### Given data
+ + + + + + +

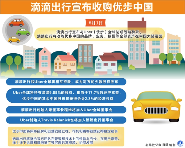 1日,滴滴出行宣布與Uber全球達(dá)成戰(zhàn)略協(xié)議,滴滴出行將收購(gòu)優(yōu)步中國(guó)的品牌、業(yè)務(wù)、數(shù)據(jù)等全部資產(chǎn),在中國(guó)大陸運(yùn)營(yíng)。
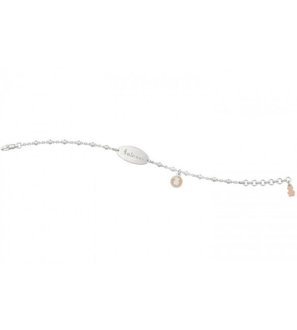 Bracciale Bambino Bambina Gioielli Nanan Bijou Targhetta Orsetto cipria argento nan0064
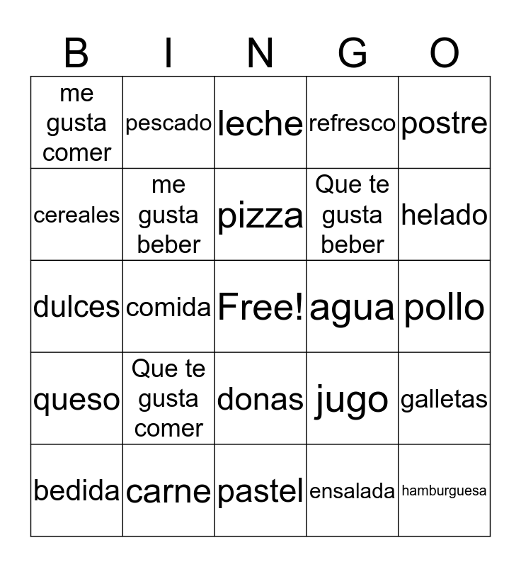 This bingo card has a free space and 24 words: Que te gusta comer, carne, pizza, bedida, postre, me gusta comer, cereales, pescado, agua, donas, Que te gusta beber, dulces, jugo, galletas, me gusta beber, ensalada, pollo, leche, helado, comida, hamburguesa, queso, refresco and pastel.
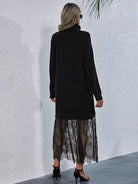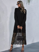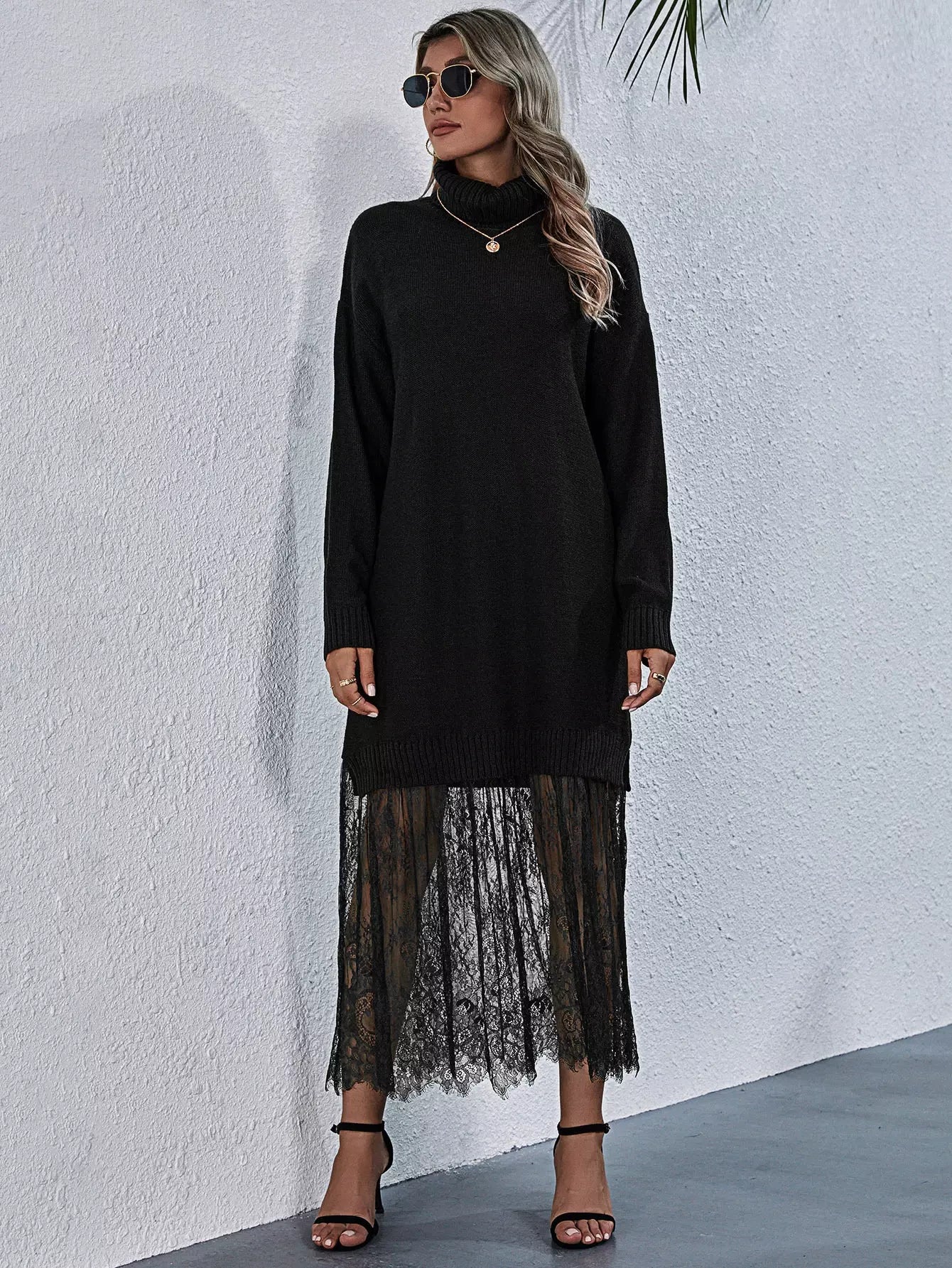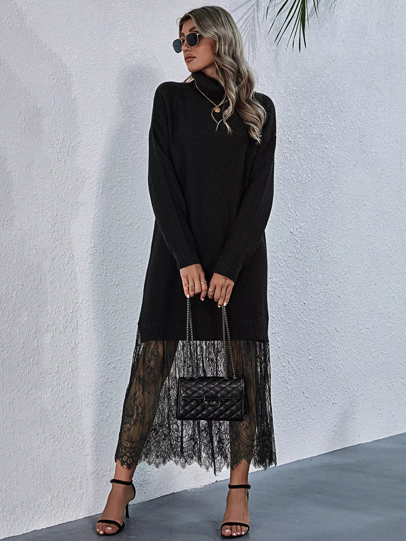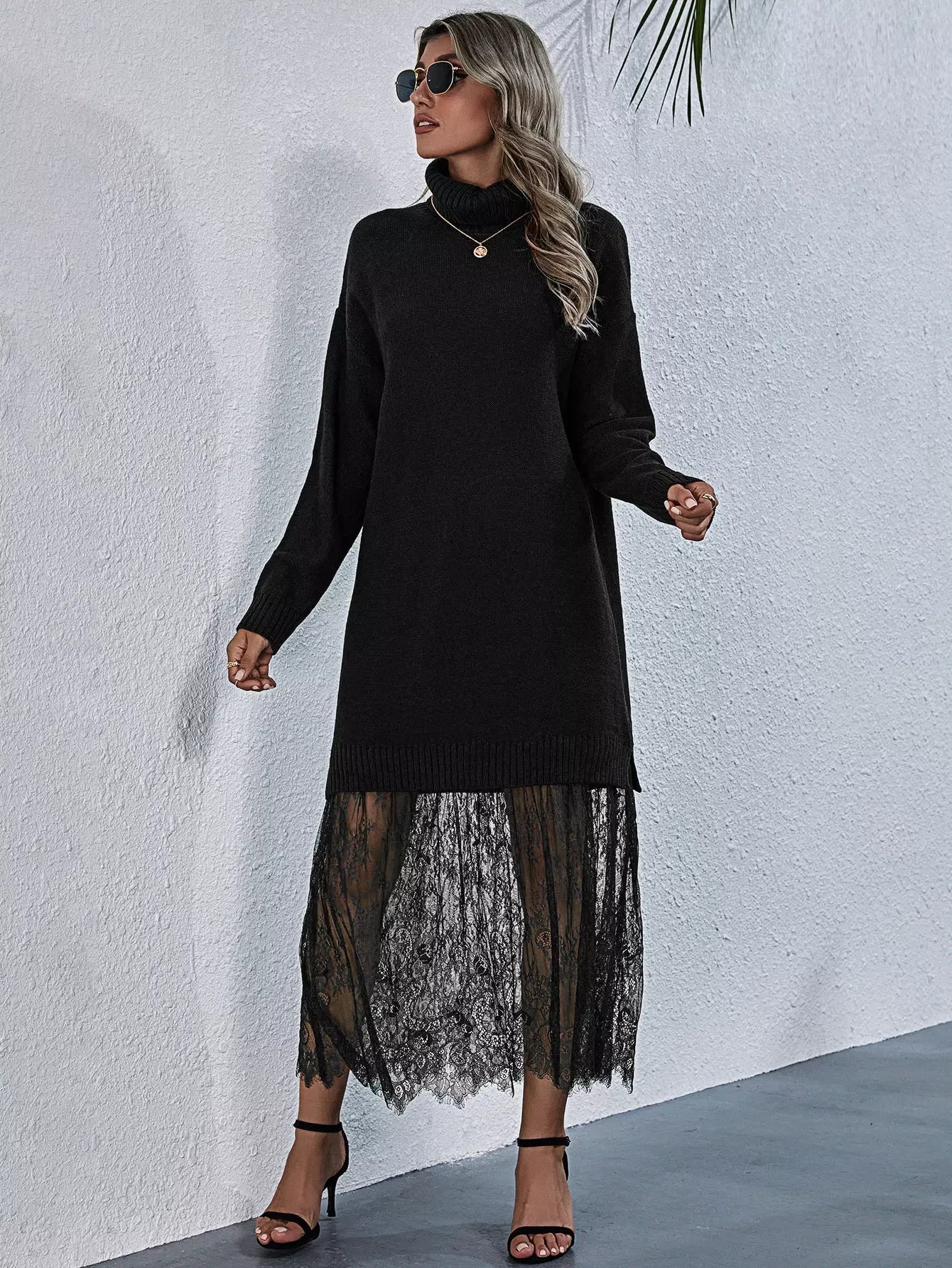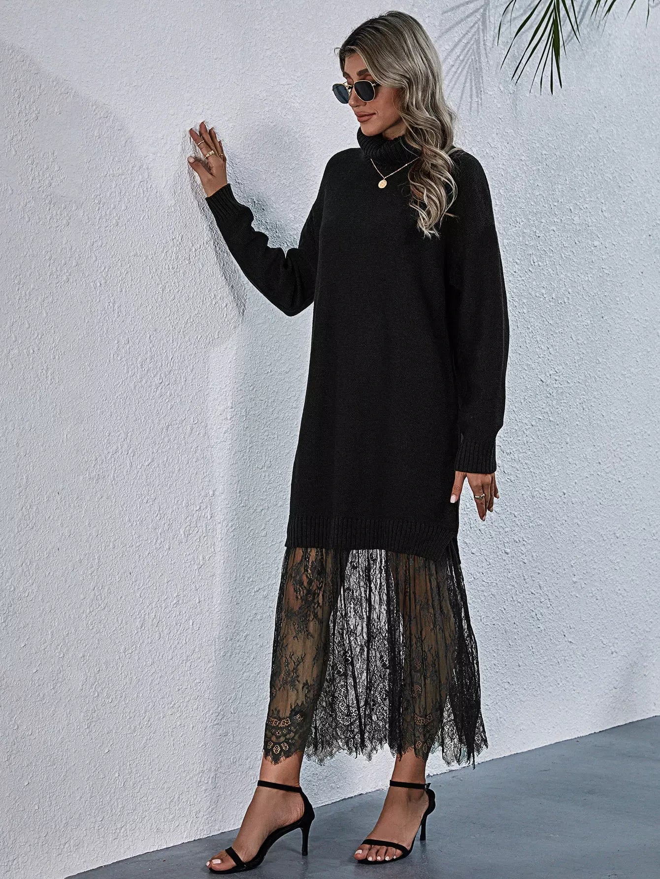 فستان بحاشية من الدانتيل بلون مغاير بياقة مدورة

+ + + + + + +

### Exercise aim
An image-free, exact version of the listing above is required.

### Expected answer
 1日,滴滴出行宣布與Uber全球達(dá)成戰(zhàn)略協(xié)議,滴滴出行將收購(gòu)優(yōu)步中國(guó)的品牌、業(yè)務(wù)、數(shù)據(jù)等全部資產(chǎn),在中國(guó)大陸運(yùn)營(yíng)。
 Bracciale Bambino Bambina Gioielli Nanan Bijou Targhetta Orsetto cipria argento nan0064
 This bingo card has a free space and 24 words: Que te gusta comer, carne, pizza, bedida, postre, me gusta comer, cereales, pescado, agua, donas, Que te gusta beber, dulces, jugo, galletas, me gusta beber, ensalada, pollo, leche, helado, comida, hamburguesa, queso, refresco and pastel.
 فستان بحاشية من الدانتيل بلون مغاير بياقة مدورة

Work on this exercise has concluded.